The chunks
input is a list of nn.Sequential
networks from a model I have divided up to run on multiple GPUs/CPUs. The device_list
input is a list of devices, like for example ['cuda:0', 'cuda:1', 'cuda:2', 'cuda:3']
, or ['cpu', 'cuda:0', 'cuda:1']
. Both lists will have the same number of values.
Unfortunately I don’t have multiple GPUs, and online services can be rather expensive for multiple GPUs. So, I want to make sure that I have things right before I try to run the code. I created the following class to run a single model with a batch size of 1 across multiple devices. Basically each device is supposed to run part of a model before passing the output to the next device.
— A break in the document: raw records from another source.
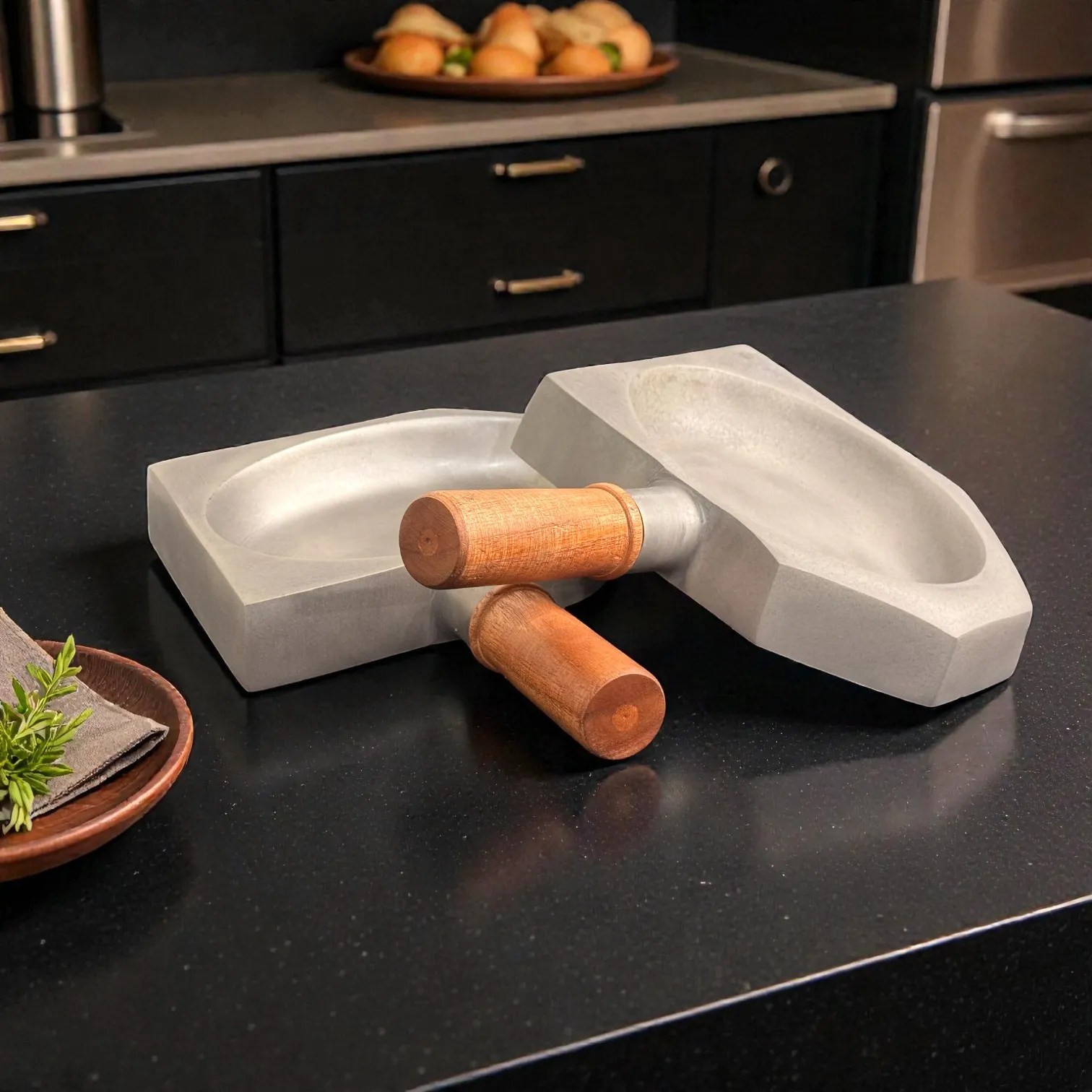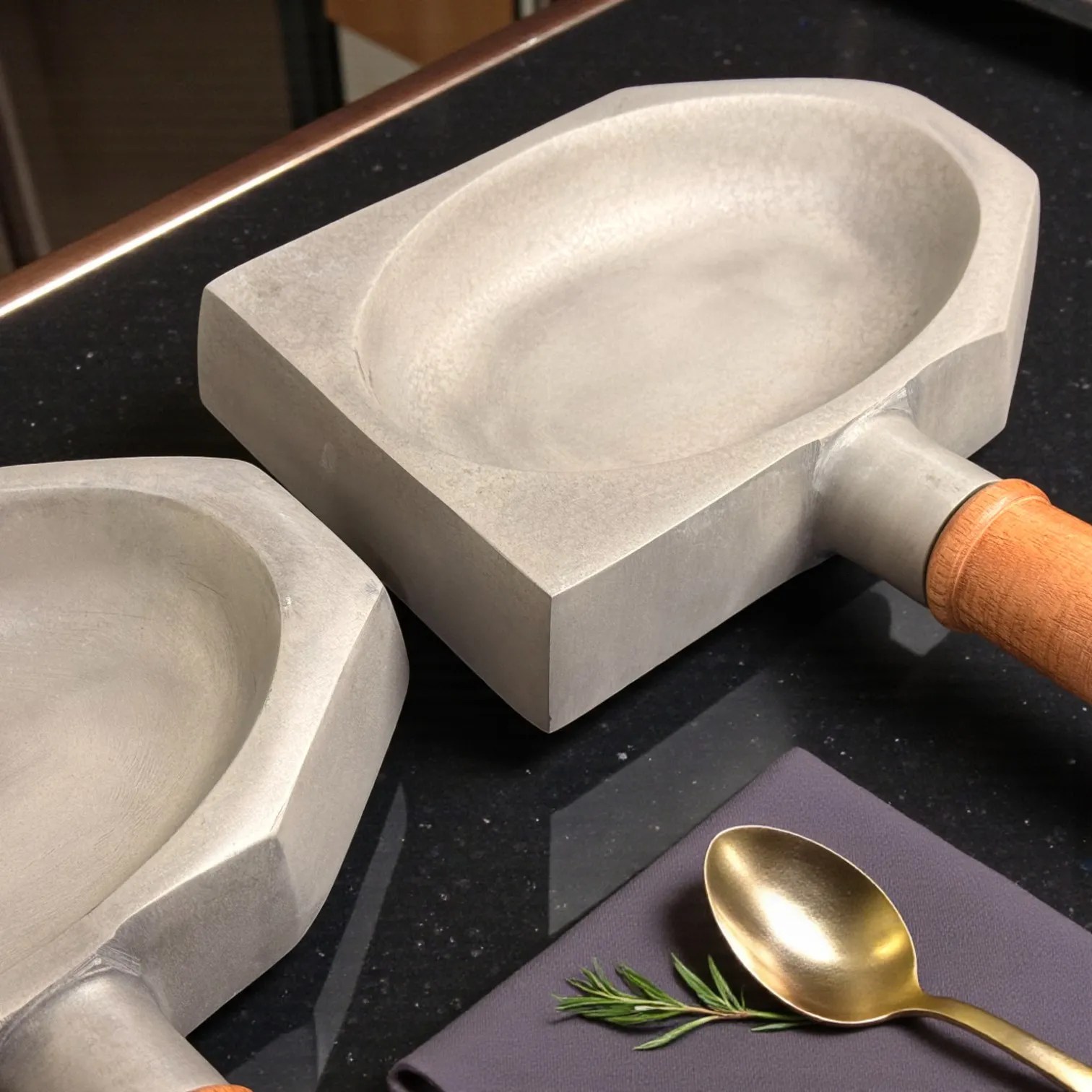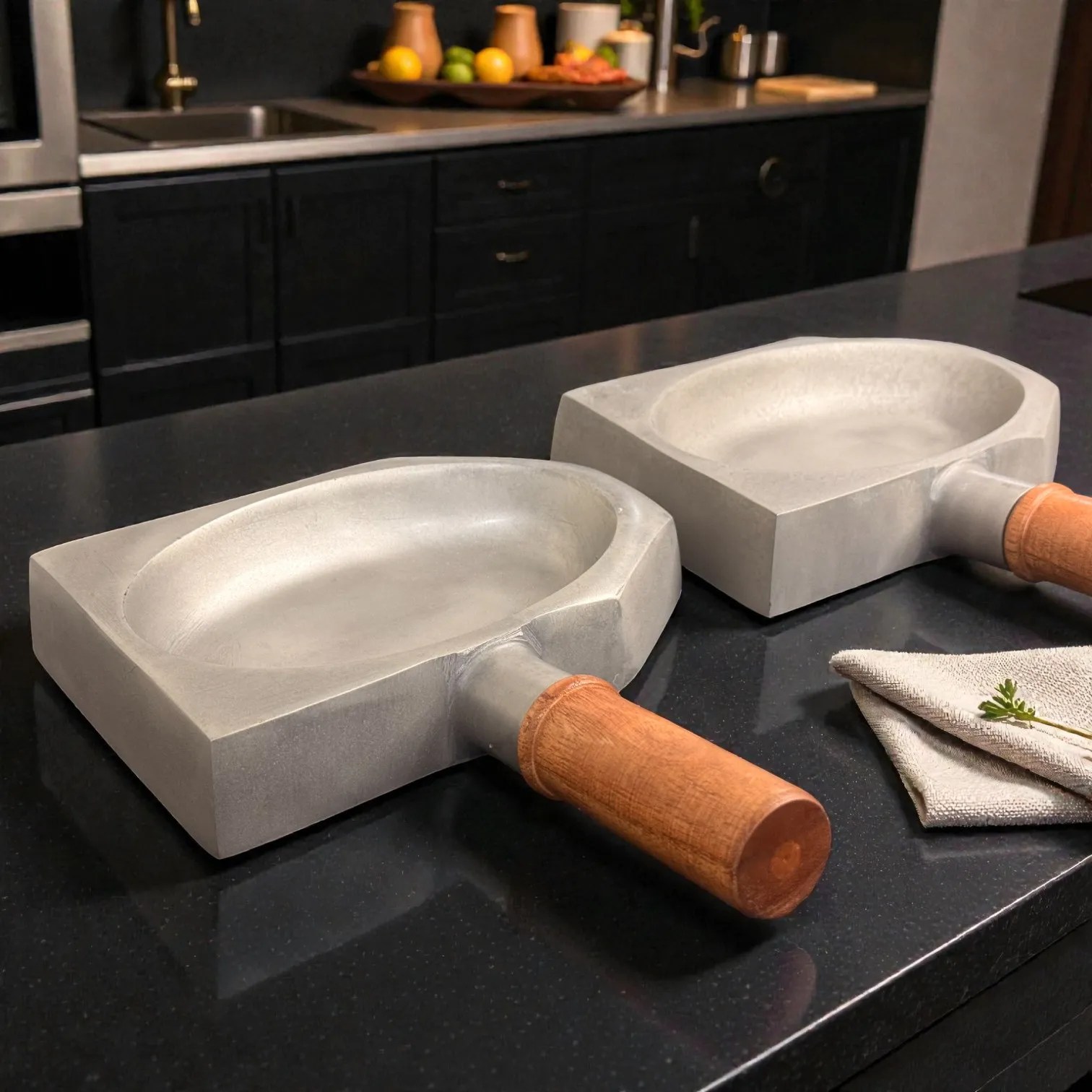 Bring restaurant-style presentation home with the Harmiche SlateGrip Hard Anodised Aluminium Servers (Set of 2) — modern tabletop serveware designed to make everyday food look intentional, elevated, and guest-ready. Each piece blends a wide, shallow serving bowl with a sculpted geometric base and a warm wooden handle, giving you the visual impact of a mini skillet and the practicality of a carry-and-serve dish. The compact footprint is ideal for small portions, couple dining, and curated party platters.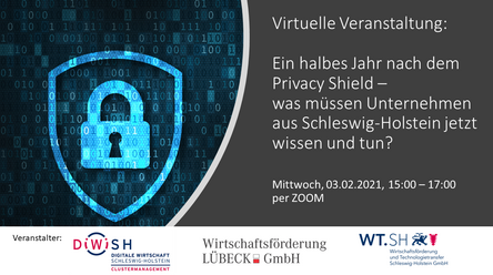Gemeinsam laden DiWiSH, WTSH und Wirtschaftsförderung Lübeck am 3. Februar von 15 bis 17 Uhr zur Online-Veranstaltung mit dem Thema „Ein halbes Jahr nach dem Privacy Shield – was müssen Unternehmen aus Schleswig-Holstein jetzt wissen und tun?“. Bei dieser Veranstaltung möchten wir einen Überblick über den aktuellen rechtlichen Status Quo geben und intensiv beleuchten, wie Unternehmen mit der Situation konkret umgehen und umgehen sollten. Wir werden versuchen, konkrete Handlungsempfehlungen für Unternehmen zu formulieren und werden dazu viele Experten in einem vielfältigen Programm zusammenbringen.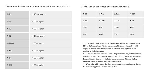 The fully-manual lens features an electronic chip for transferring EXIF data to the camera body from the lens, which should enable focus verification, parallax correction and in-body image stabilization for compatible cameras. Below is a pair of charts showing which X system cameras are and aren’t able to make use of the lens mount communications of the Nokton 35mm F1.2 lens: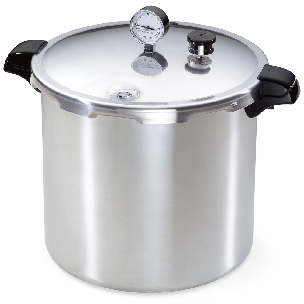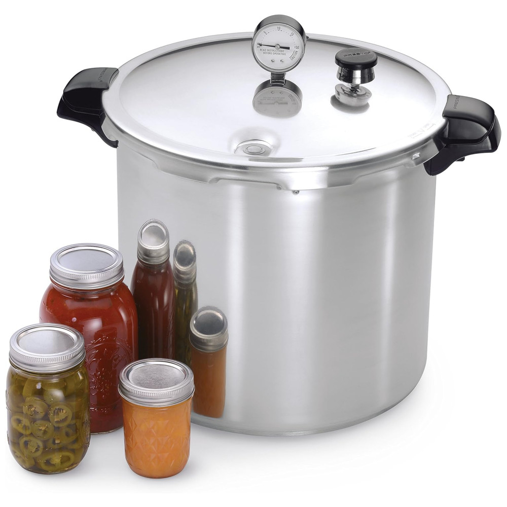 A enlatadora de pressão Presto 21,7 litros é uma ferramenta de qualidade profissional, feita de alumínio resistente e com alças Staycool e tampa Stronglock. É recomendada pelo Departamento de Agricultura dos EUA como o único método seguro para enlatar alimentos com baixo teor de ácido, como vegetais, carnes e aves. Além disso, funciona como enlatador de água fervente para conservar frutas, geléias, picles e salsa em potes de meio litro e meio litro.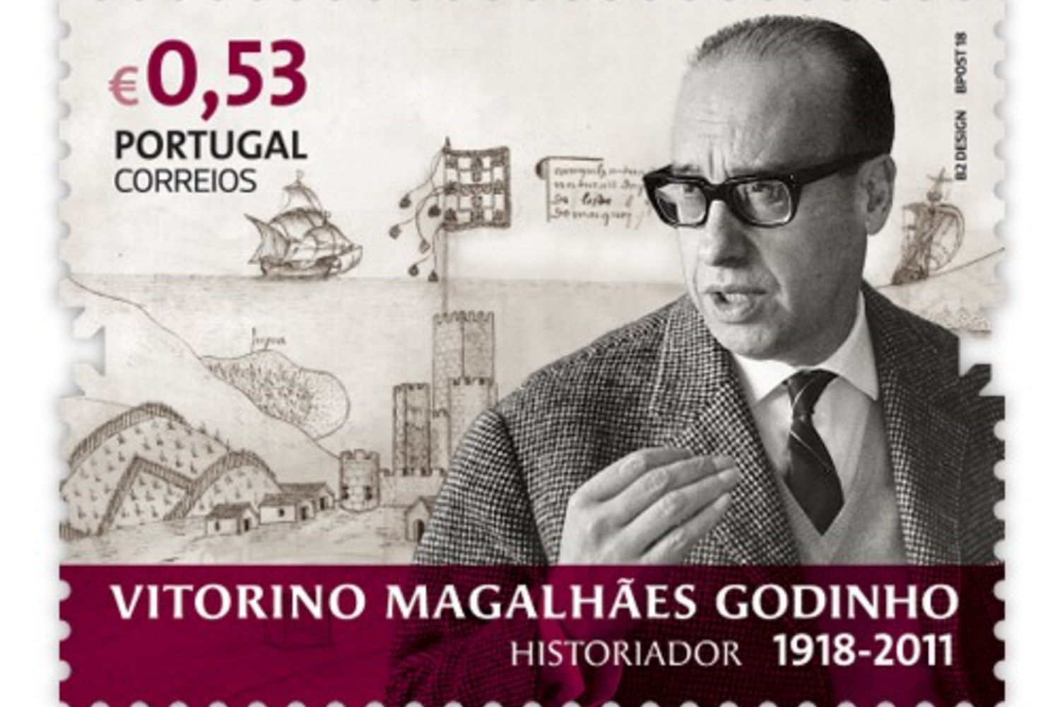 Finalmente, o historiador e político Vitorino Magalhães Godinho ilustra o último selo desta emissão com uma foto tirada por Eduardo Gageiro em 1970 e um pormenor do Castelo de Caminha (do livro das fortalezas situadas no extremo de Portugal e Castela, existente na Torre do Tombo).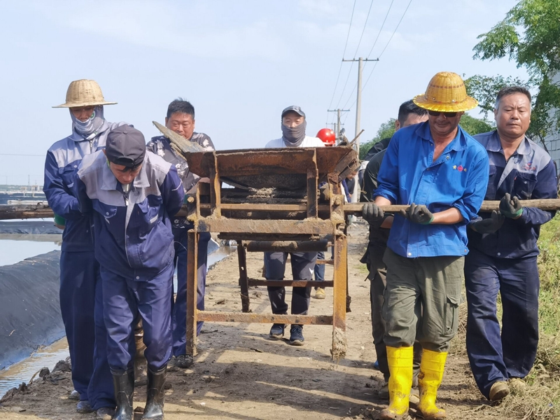 厲兵秣馬,鏖戰秋扒鹽。“同志們,這將是我們臺北地區1300年鹽業史上最后,也是時間最緊急、任務最繁重的一次秋扒鹽了”正是因為使命在肩,我們更要勇往直前。公司全體黨員干部爭分奪秒扒鹽、竭盡全力制鹵,奮戰100天,全力沖刺“開新局、奪首勝”目標任務。連云港堿廠關停在即,鹽鈣聯產項目終結,原鹽搶收進入到了大決戰時刻。為此,公司上下,從黨委班子到普通辦事員,從直屬單位到公司機關,全部動員起來,9月28日召開了戰前動員大會并進行秋扒崗前培訓。10月2日,天時地利人和,夜里9時10分,隨著機器一聲轟鳴,扒鹽機組輸鹽大架銀瀑飛濺,大八組、西灘雙向聯動,人工扒鹽、機械扒鹽齊頭并進。公司領導與廣大職工想在一起、干在一起,上下齊心、爭分奪秒,擼起袖子、甩開膀子,在鹽池間盡情地揮灑著汗水,確保勞動成果顆粒歸倉,誓奪原鹽收官戰全勝。截止6日晚,公司 排放鈣液6000方,扒鹽3000余噸。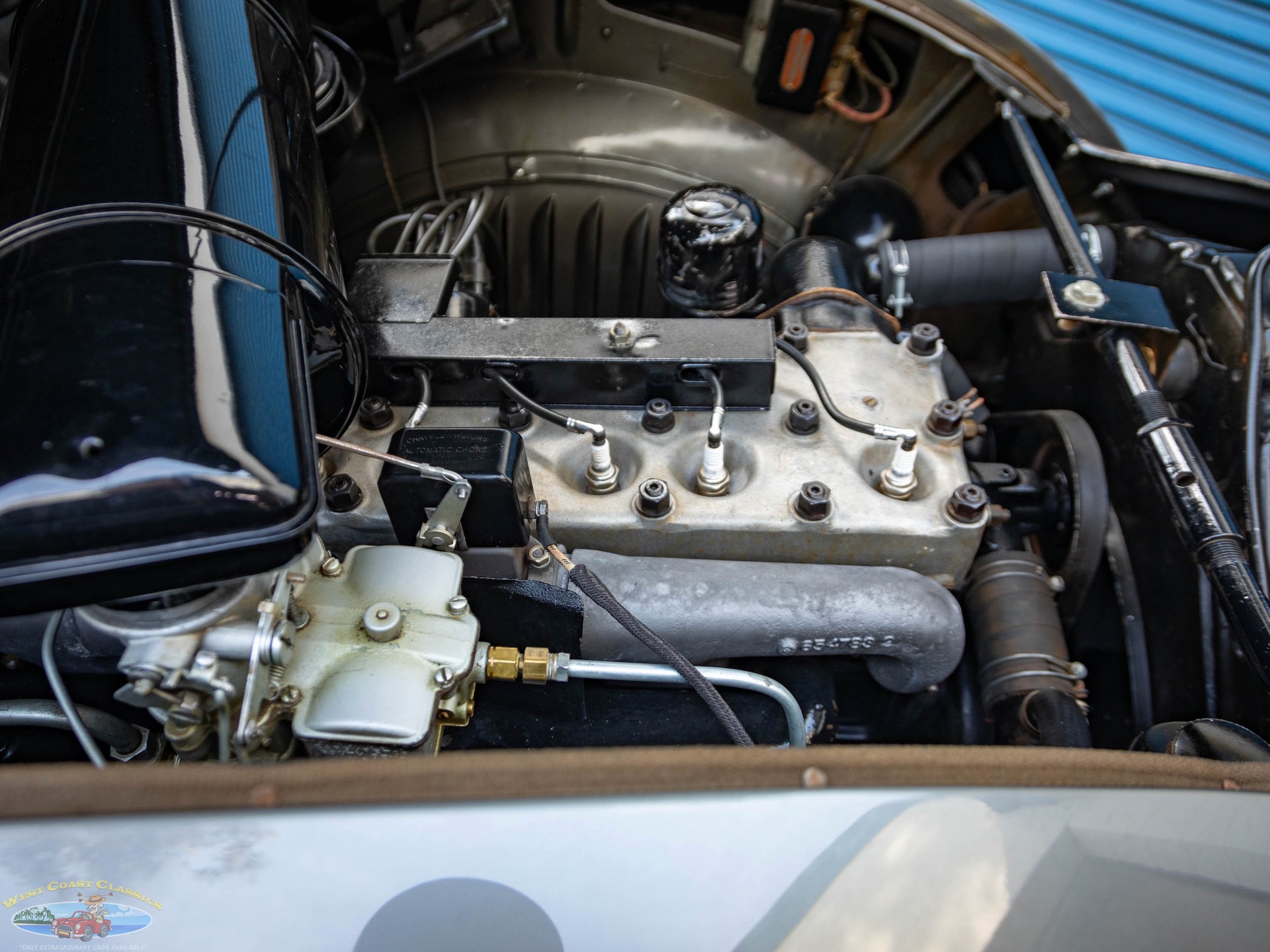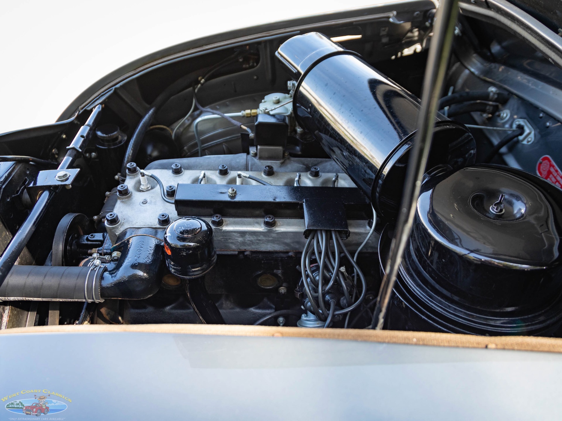 The 323.5 cubic inch straight 8 is factory-correct and newly reconditioned matched to the 3 speed freewheeling Borg Warner centrifugal overdrive transmission.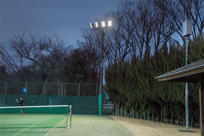 所沢市では、CO₂削減、省エネ推進の観点から、2022年2月、野球場とテニスコートのナイター照明、そして駐車場照明をLED化する工事を実施しました。野球場とテニスコートを照らす光には、既設HID(水銀ランプ)投光器に替えて、高効率形LED投光器「レディオック フラッド アヴァン 400クラス」を選定しました。メタルハライドランプ1000W相当の明るさで大幅な省エネを実現しつつ、良好なナイター照明環境を創出しています。野球場、テニスコートともに、平日は市民のレクリエーションの場として、週末は学校や各連盟主催の大会開催など、幅広く利用されていて、LED照明に更新後は、「とても明るく使いやすくなった」と喜びの声をいただいています。LED照明は瞬時点灯・瞬時再点灯可能で、すぐに明るくなるため、管理上、そして利用される方々にとっても使い勝手がよく、さらなる省エネに貢献する点も評価しています。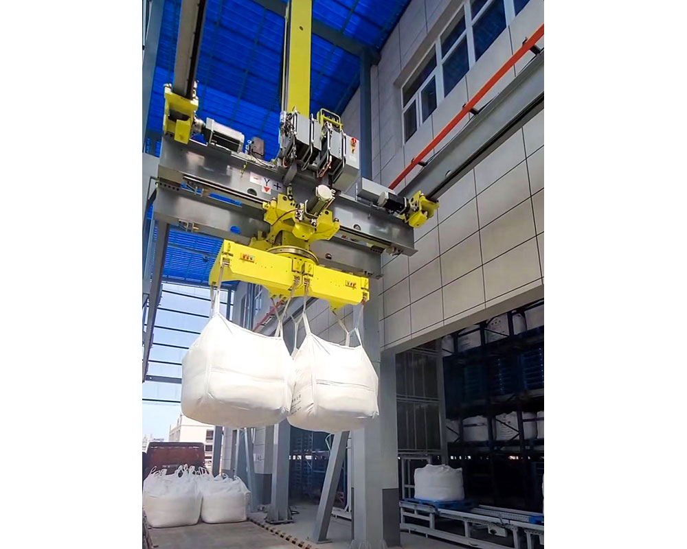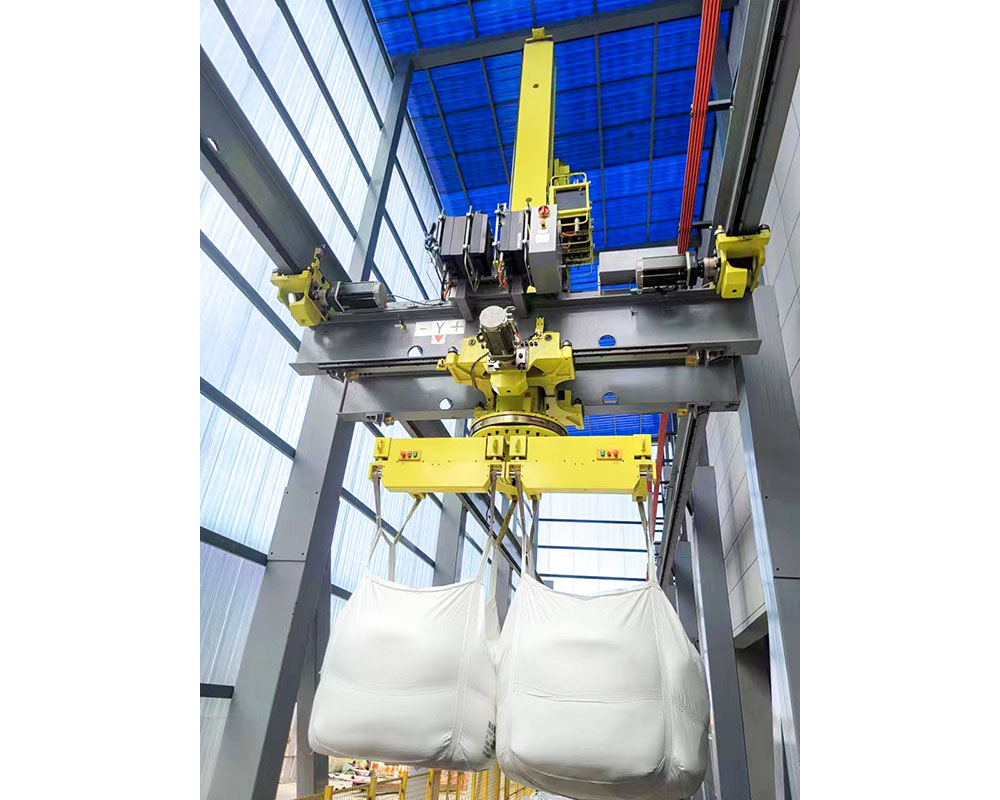 T200空間物流桁架機器人配合噸包袋抓手,智能感知車輛位置,自動進行車輛掃描,智 能化設計垛型并自動完成裝車工作,實現(xiàn)單次2包,一小時80包快速裝車。

I put the chunks onto their devices:
for i, chunk in enumerate(chunks):
chunk.to(device_list[i])
And then I pass them to my class:
class ModelParallelModel(nn.Sequential):
def __init__(self, chunks, device_list):
super(ModelParallelModel, self)
self.chunks = chunks
self.device_list = device_list
print(str(len(self.chunks)))
print(self.device_list)
def forward(self, input):
for i, chunk in enumerate(chunks):
if i < len(chunks) -1:
input = chunk(input.to(device_list[i]) ).to(device_list[i+1])
else:
input = chunk(input.to(device_list[i]))
return input
These lines of code are where I create the model and then try to run:
net = ModelParallelModel(chunks, device_list)
net(test_image)
Though I get this error:
4
['cuda:0', 'cuda:1', 'cuda:2', 'cuda:3']
Traceback (most recent call last):
File "test.py", line 465, in <module>
main()
File "test.py", line 164, in main
net(test_image)
File "/usr/local/lib/python3.5/dist-packages/torch/nn/modules/module.py", line 538, in __call__
for hook in self._forward_pre_hooks.values():
File "/usr/local/lib/python3.5/dist-packages/torch/nn/modules/module.py", line 591, in __getattr__
type(self).__name__, name))
AttributeError: 'ModelParallelModel' object has no attribute '_forward_pre_hooks'
How do I fix this error? I can’t seem to find anything about what this error means, or how to fix it anywhere.